2. Find current disk location:
sudo virsh domblklist <vm-name> | awk 'NR>2 && $2 != "-" {print $2}'
3. Copy disk to local SSD (preserve original until verified):
# On kvm-01:
sudo cp /mnt/nas/vms/<vm-name>.qcow2 /mnt/onboard-ssd/libvirt/images/
# On kvm-02:
sudo cp /mnt/nas/vms/<vm-name>.qcow2 /var/lib/libvirt/images/
4. Export and update VM config with sed:
sudo virsh dumpxml <vm-name> > /tmp/<vm-name>.xml
# Find current path
awk '/source file=.*qcow2/' /tmp/<vm-name>.xml
# Replace NAS path with local SSD (kvm-02 example)

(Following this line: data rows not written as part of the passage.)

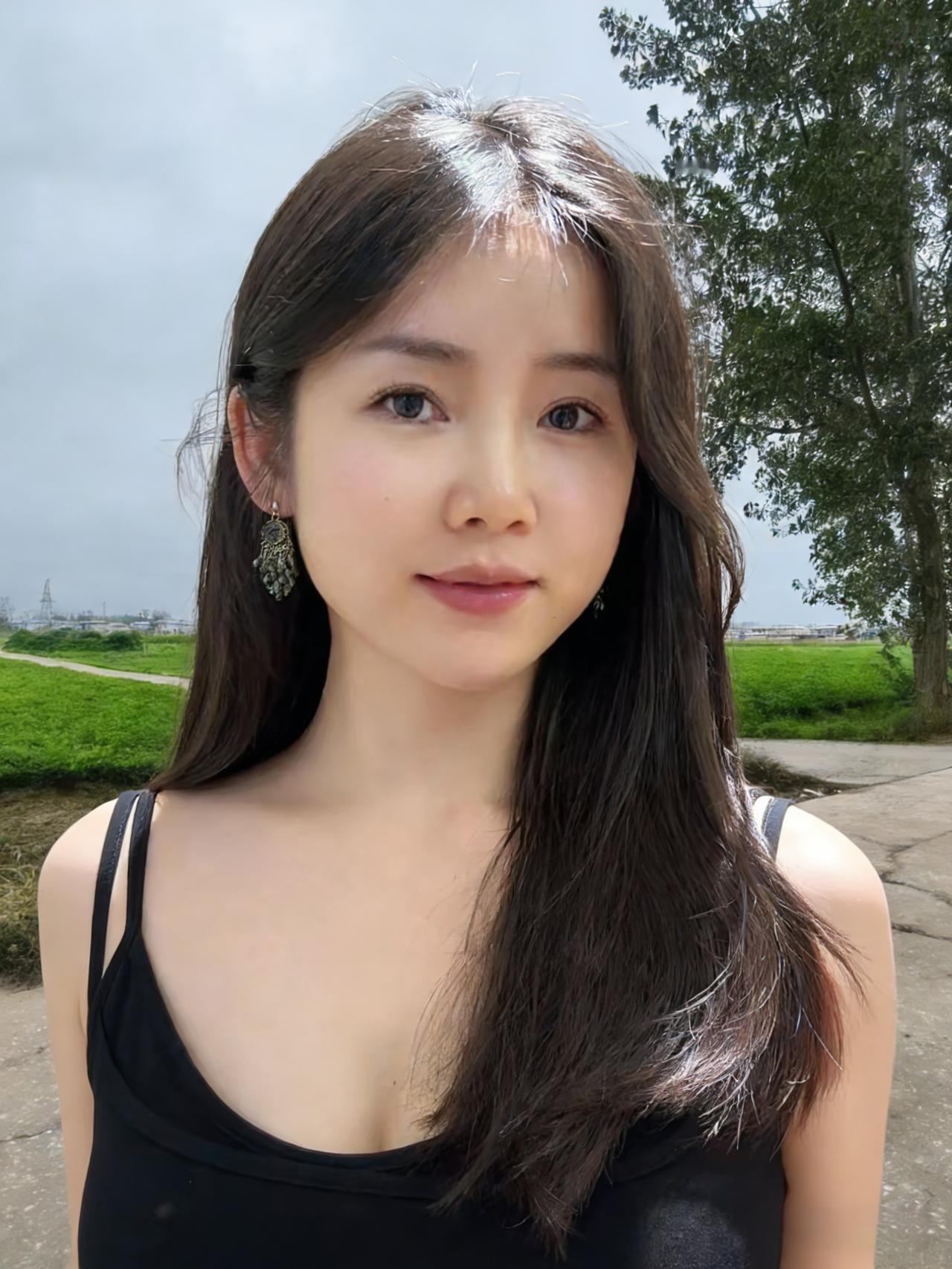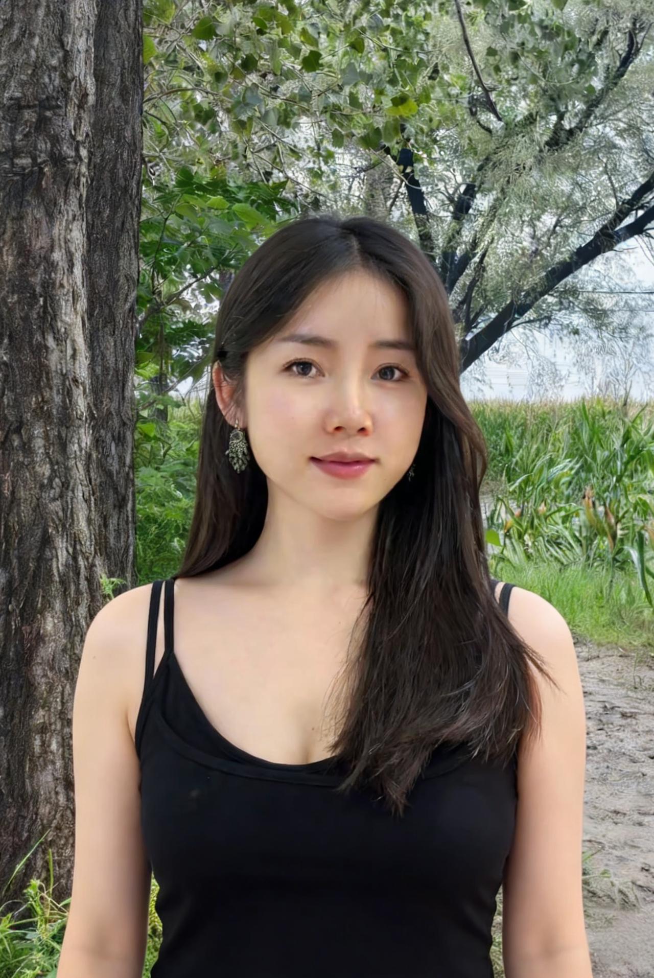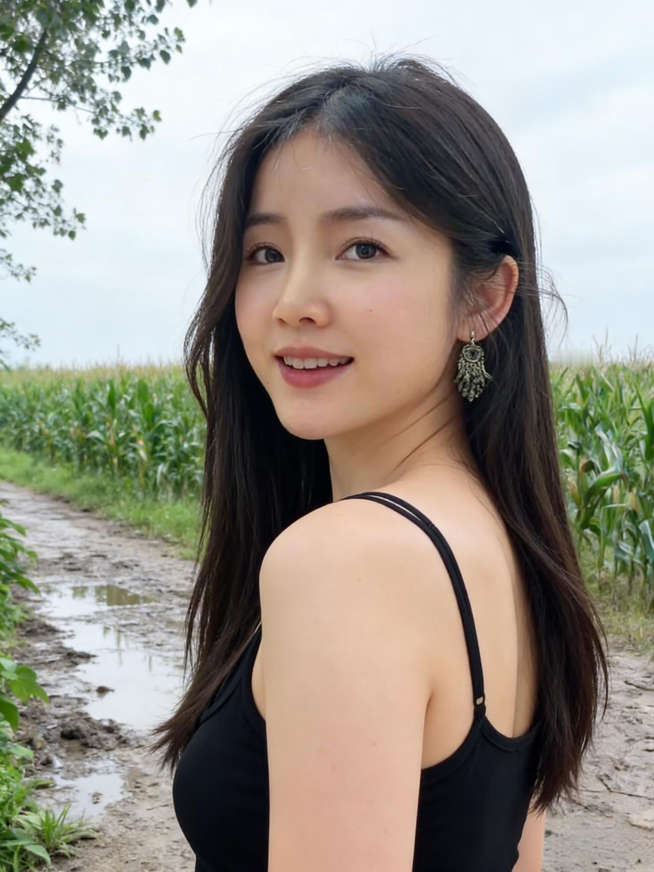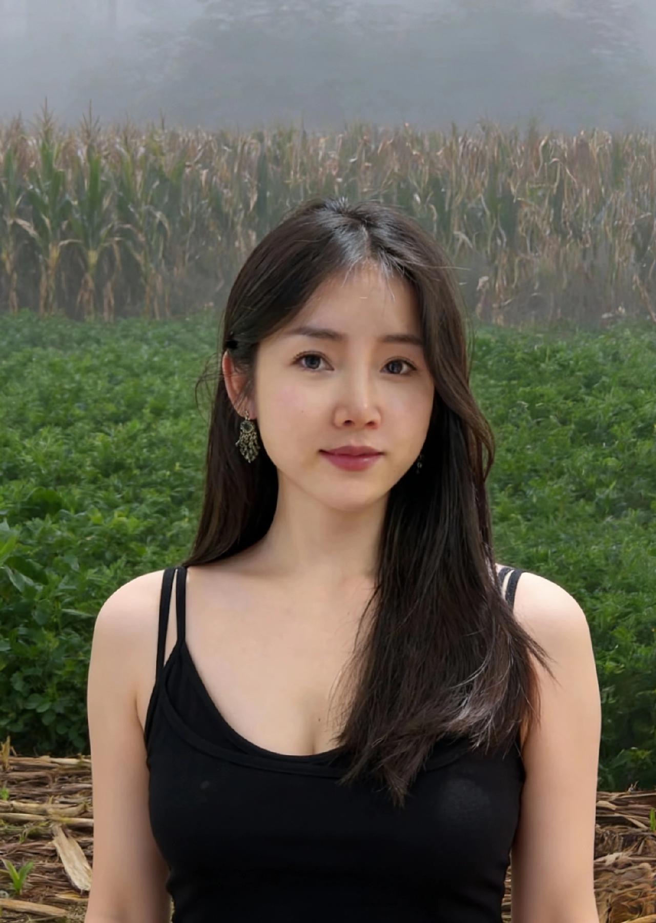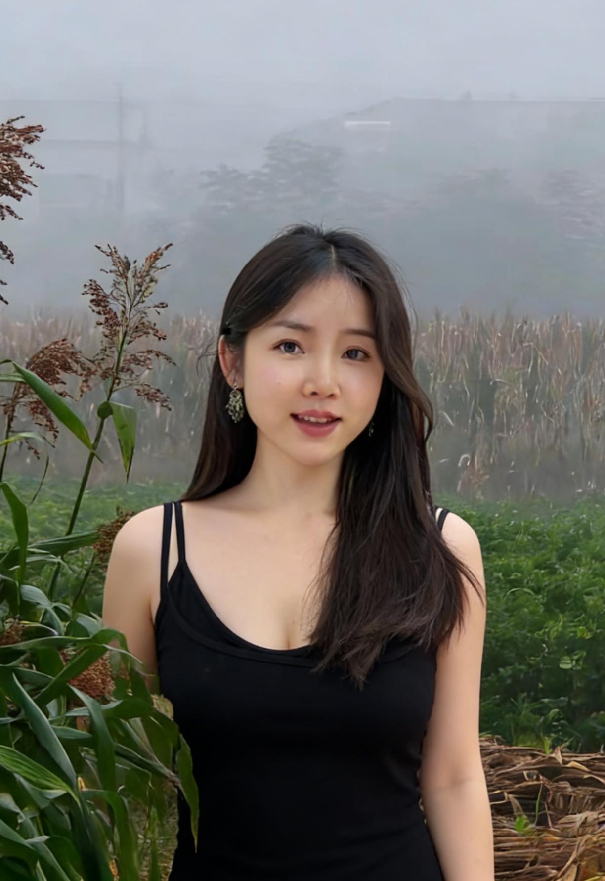 雾把玉米地揉成一片模糊的绿 你站在田埂,像刚从露水里长出的植物 黑色吊带接住清晨的凉意 耳环上的银饰晃着细碎的光 像去年遗落的星子 ~ 风穿过高粱穗,发出沙沙的声响 你的目光比远处的雾更柔软 在湿润的空气里漾开 身后的花生地铺展成绒毯 每一片叶子都在呼吸 ~ 你侧过身时,长发扫过肩颈 弧度比田埂的曲线更温柔 远处的白墙在雾里洇开轮廓 像没写完的句子 而你是最工整的那一行 ~ 泥土的腥气混着青草的甜 你笑起来,雾就散了一些 脚印在湿软的土上印出浅痕 像岁月的邮戳 盖在这个无风的清晨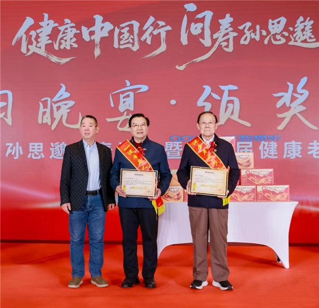 图:第一健康报道总编辑李达(左)向健康中国工程创始人、主任兼秘书长严晓蒸(右),中央办公厅原副主任、国家机关老干部健养长寿基金管理委员会顾委主席吴昊昱(中)颁发“健康老人功勋奖”。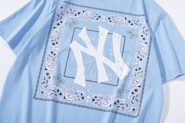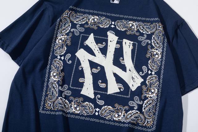 Mlb Summer New Paisley Embroidered Pure Cotton Casual Short-Sleeve T-Shirt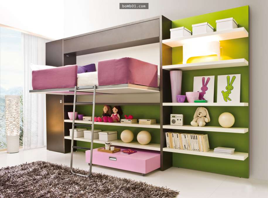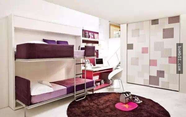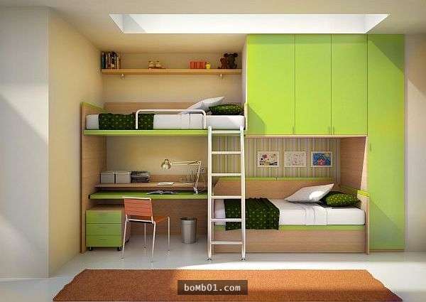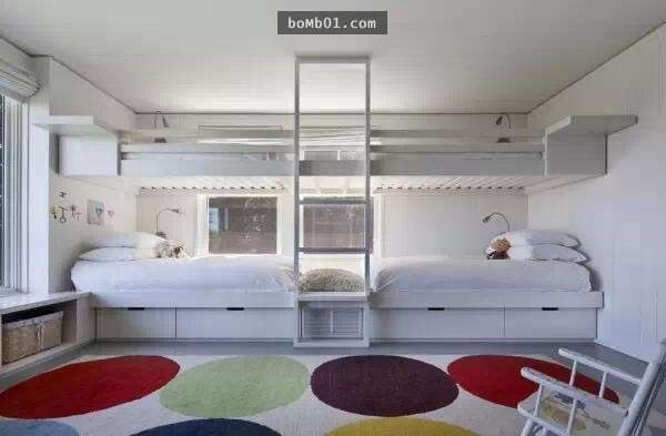 ▼一個空間可以設計成4張床,中間留個樓梯可以爬上去,剩下的空間就留給小朋友玩耍。

sed -i 's|/mnt/nas/vms/|/var/lib/libvirt/images/|g' /tmp/<vm-name>.xml
# Validate change
awk '/source file=.*qcow2/' /tmp/<vm-name>.xml
5. Redefine and start:
sudo virsh define /tmp/<vm-name>.xml
sudo virsh start <vm-name>
6. Verify VM boots and runs correctly:
sudo virsh domstate <vm-name>
ping -c3 <vm-ip>
7. Remove NAS copy (only after verified working):
# ONLY after VM confirmed working for 24+ hours
sudo rm /mnt/nas/vms/<vm-name>.qcow2
# Shutdown
sudo virsh shutdown ise-02
# Wait
while [ "$(sudo virsh domstate ise-02)" != "shut off" ]; do sleep 2; done
# Copy to local SSD (kvm-02: /var/lib/libvirt/images/)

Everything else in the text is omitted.